- [TO DO]
Look through the listing below for the line with "YOU LIKE SNOW?: The" and the line with "Figure 6. Boxed". Copy both, along with every line between them, exactly and with no pictures.

EXCERPTED DATA START

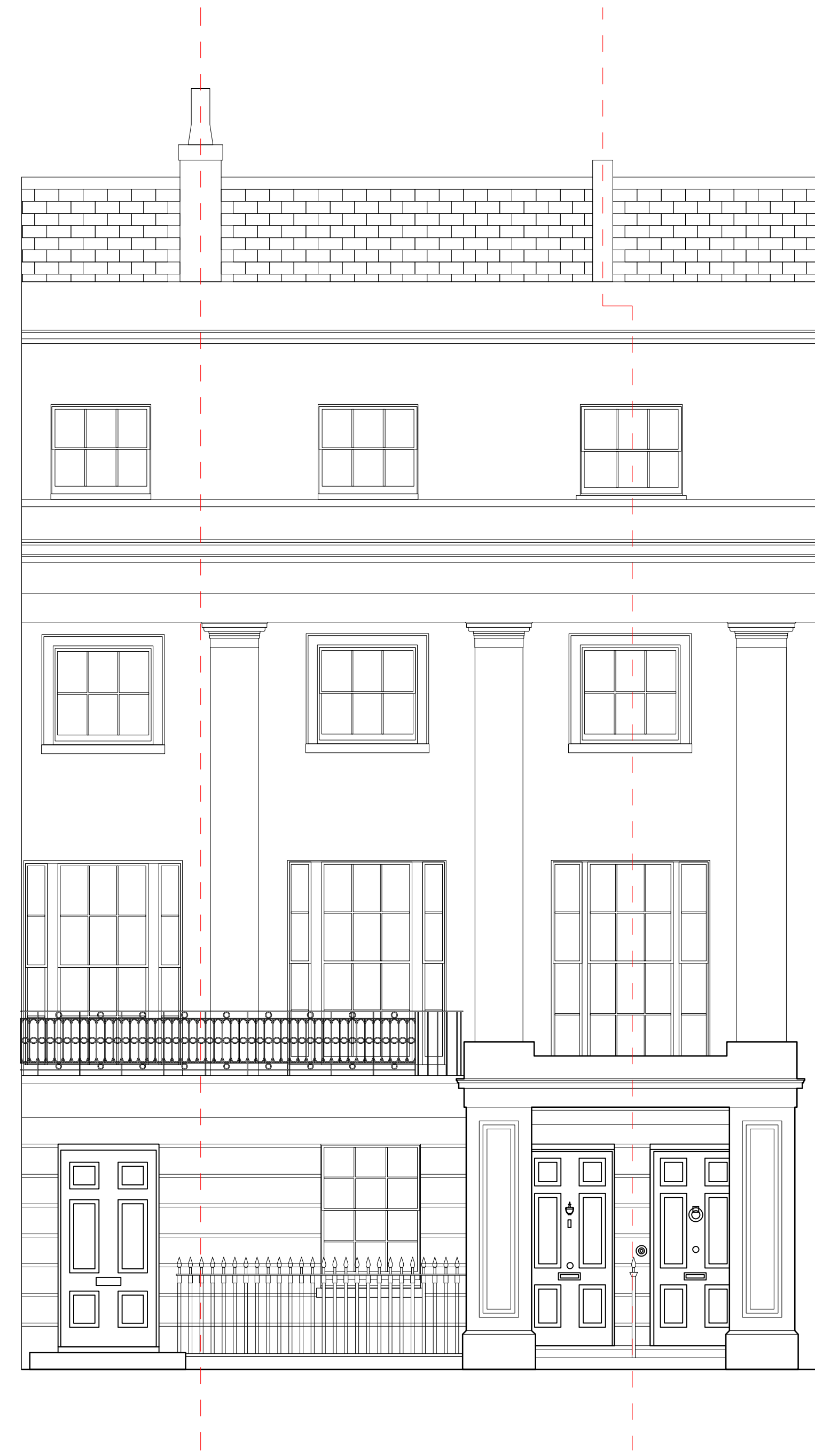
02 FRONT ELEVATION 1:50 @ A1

EXCERPTED DATA END
EXCERPTED DATA START

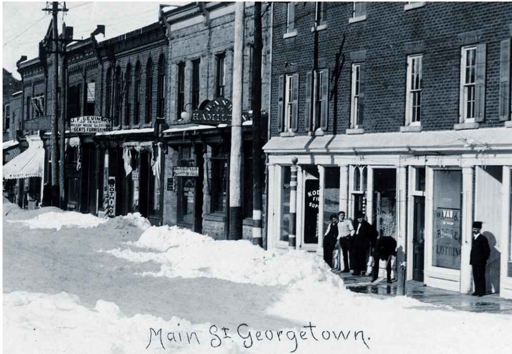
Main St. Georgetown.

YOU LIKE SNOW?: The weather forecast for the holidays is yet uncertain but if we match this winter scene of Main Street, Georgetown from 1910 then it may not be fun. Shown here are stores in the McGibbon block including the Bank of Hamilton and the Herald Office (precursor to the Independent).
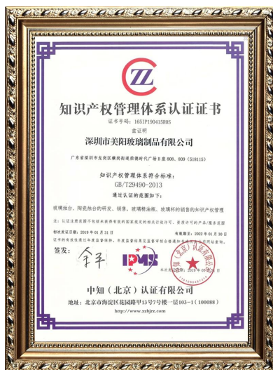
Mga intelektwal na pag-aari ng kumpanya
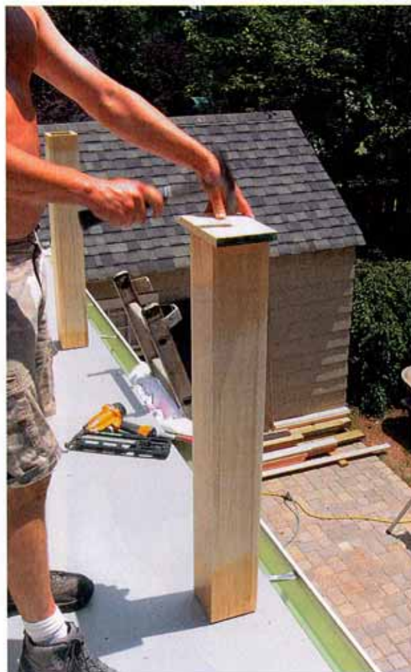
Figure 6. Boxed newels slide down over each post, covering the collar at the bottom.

EXCERPTED DATA END
EXCERPTED DATA START

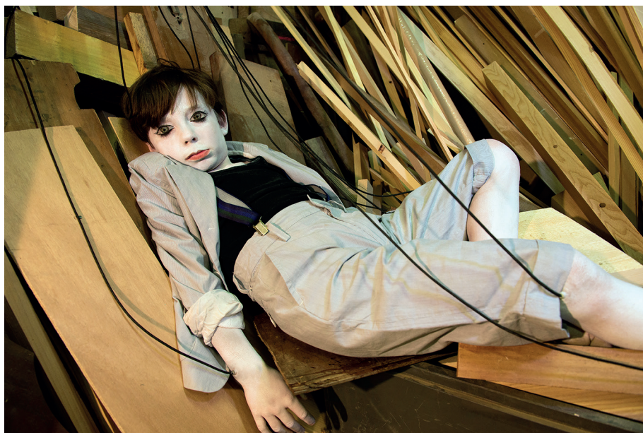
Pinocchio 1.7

EXCERPTED DATA END

- [EXPECTED OUTPUT]
YOU LIKE SNOW?: The weather forecast for the holidays is yet uncertain but if we match this winter scene of Main Street, Georgetown from 1910 then it may not be fun. Shown here are stores in the McGibbon block including the Bank of Hamilton and the Herald Office (precursor to the Independent).
Mga intelektwal na pag-aari ng kumpanya
Figure 6. Boxed newels slide down over each post, covering the collar at the bottom.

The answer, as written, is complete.